For better performance on frequent access:

# Establish control path first
ssh -Nf -M -S ~/.ssh/control-%C B_host
ssh -Nf -M -S ~/.ssh/control-%C -o 'ProxyJump B_host' C_host

# Then mount with control path
sshfs -o ssh_command="ssh -S ~/.ssh/control-%C" C_host:/path /local/mount

Permission errors: Ensure you have fuse and sshfs properly installed on Host A, and appropriate permissions on Host C's filesystem.

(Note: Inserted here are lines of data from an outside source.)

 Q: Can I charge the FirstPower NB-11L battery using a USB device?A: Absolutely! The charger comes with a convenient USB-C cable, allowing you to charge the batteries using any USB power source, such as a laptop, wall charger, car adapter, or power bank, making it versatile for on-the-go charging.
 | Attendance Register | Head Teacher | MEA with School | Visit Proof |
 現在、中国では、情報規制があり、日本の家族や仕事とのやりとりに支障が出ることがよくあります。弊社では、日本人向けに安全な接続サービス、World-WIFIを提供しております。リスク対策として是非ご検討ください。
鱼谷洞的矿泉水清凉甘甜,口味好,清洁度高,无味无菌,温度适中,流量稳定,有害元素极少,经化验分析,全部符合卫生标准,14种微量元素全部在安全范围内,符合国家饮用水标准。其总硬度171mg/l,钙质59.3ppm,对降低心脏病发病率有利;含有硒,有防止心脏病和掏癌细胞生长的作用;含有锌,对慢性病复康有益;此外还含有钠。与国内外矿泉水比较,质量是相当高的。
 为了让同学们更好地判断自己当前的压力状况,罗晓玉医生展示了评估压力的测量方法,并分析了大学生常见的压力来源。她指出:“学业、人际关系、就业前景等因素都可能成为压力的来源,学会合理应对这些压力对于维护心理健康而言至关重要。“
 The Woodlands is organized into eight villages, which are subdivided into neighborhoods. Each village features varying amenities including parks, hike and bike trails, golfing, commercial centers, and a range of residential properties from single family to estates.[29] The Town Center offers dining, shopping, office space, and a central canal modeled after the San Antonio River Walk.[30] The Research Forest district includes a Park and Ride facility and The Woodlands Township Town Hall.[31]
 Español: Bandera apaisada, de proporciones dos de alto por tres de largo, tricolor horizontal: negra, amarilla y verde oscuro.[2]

Connection timeouts: Add these options to your mount command:

-o reconnect,ServerAliveInterval=15,ServerAliveCountMax=3

Debugging: Use verbose mode to identify connection issues:

sshfs -o ssh_command="ssh -J B_host -v" C_host:/path /local/mount -o debug

For better performance across multiple hops:

  • Use compression: -o compression=yes
  • Increase cache timeout: -o cache_timeout=120
  • Disable attribute caching if not needed: -o noforget

For some use cases, creating a local port forward might be simpler:

ssh -L 2222:C_host:22 B_host
sshfs -p 2222 localhost:/path /local/mount

Remember to unmount when done:

fusermount -u /local/mount

When working with nested SSH connections (A→B→C), mounting filesystems from machine C directly to A isn't as straightforward as a direct SSHFS connection. The standard sshfs command doesn't natively support jump hosts, but we have several reliable workarounds.

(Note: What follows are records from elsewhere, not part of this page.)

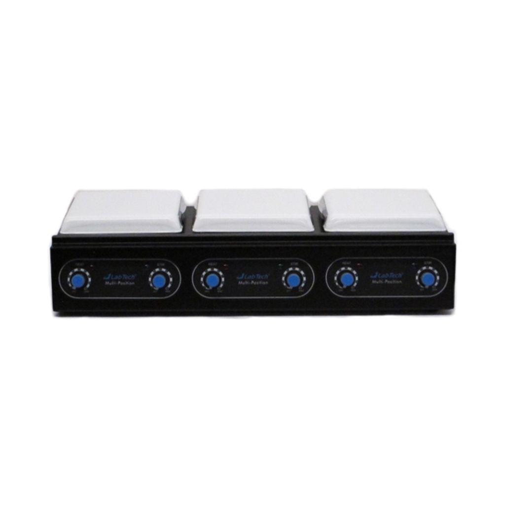 PARRILLA CON AGITACION DE 3 PLAZAS, CONTROLES ELECTRONICOS INDIVIDUALES, SUPERFICIES DE CERAMICA RESISTENTES A LA CORROSION 19*19cm, RANGOS DE OPERACION: TEMPERATURA AMBIENTE +5 A 450ºC Y 60 A 1500rpm. OPERA CON 110V, 60Hz. MARCA LABTECH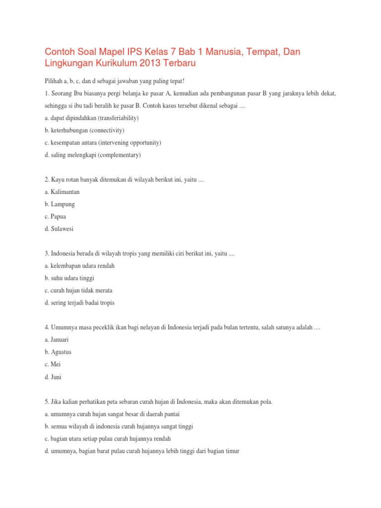 Contoh Soal Mapel Ips Kelas 7 Bab 1 Manusia Tempat Dan Lingkungan Kurikulum 2013 Terbaru
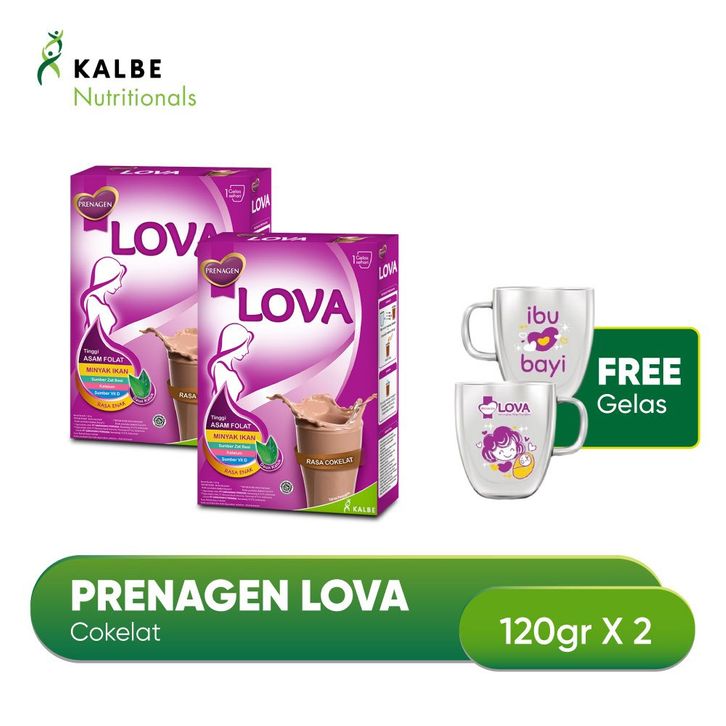 Paket Prenagen Lova Susu Ibu Hamil Cokelat - Isi 2 Box Free Gelas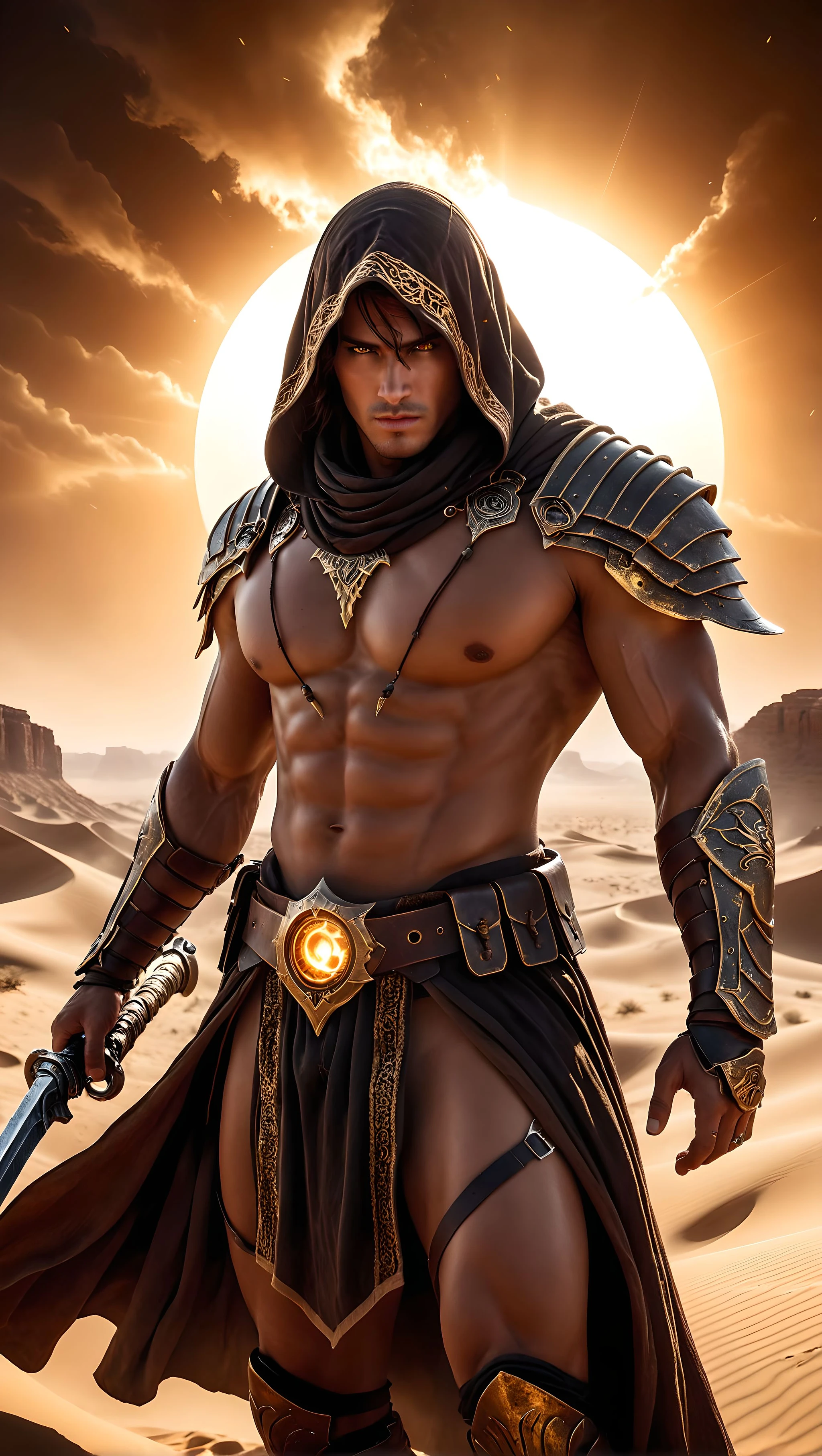 A deadly and elusive Hashashin, a phantom in the vast desert, his movements swift and silent like shifting sands. Twin curved blades gleam under the relentless sun, reflecting its scorching intensity with razor-sharp brilliance. A violent sandstorm coils around him, a tempest born from his presence, concealing his approach in a haze of golden dust. His piercing eyes, filled with hidden knowledge and ruthless precision, lock onto unseen targets. Volumetric lighting casts dramatic, high-intensity highlights, deepening the cinematic interplay between searing light and engulfing shadow. Immersive depth of field draws focus to his imposing form, accentuating the hyper-detailed textures of battle-worn garments and desert-forged weaponry. Ultra-high-definition, photorealistic rendering in stunning 8K resolution, an awe-inspiring masterpiece, trending on ArtStation

The most robust solution uses SSH's ProxyCommand feature. First, add this to your ~/.ssh/config:

Host JumpHost
    HostName B_host
    User your_username

Host TargetHost
    HostName C_host
    User remote_username
    ProxyCommand ssh -W %h:%p JumpHost

Then mount with:

sshfs TargetHost:/remote/path /local/mount/point -o follow_symlinks

For quick one-time mounts without config changes:

sshfs -o ssh_command="ssh -t B_host ssh" C_host:/path /local/mount

When facing firewall restrictions:

# On machine A:
ssh -L 2222:C_host:22 B_host

# In another terminal:
sshfs -p 2222 localhost:/remote/path /local/mount

If you encounter connection issues:

# Add verbose output:
sshfs TargetHost:/path /mount -o sshfs_debug,debug

# Check permissions:
ls -la /mount

For better throughput over multiple hops:

sshfs TargetHost:/path /mount -o compression=no,cache_timeout=3600

Always use:

-o reconnect,ServerAliveInterval=15,ServerAliveCountMax=3

And consider SSH key-based authentication with agent forwarding.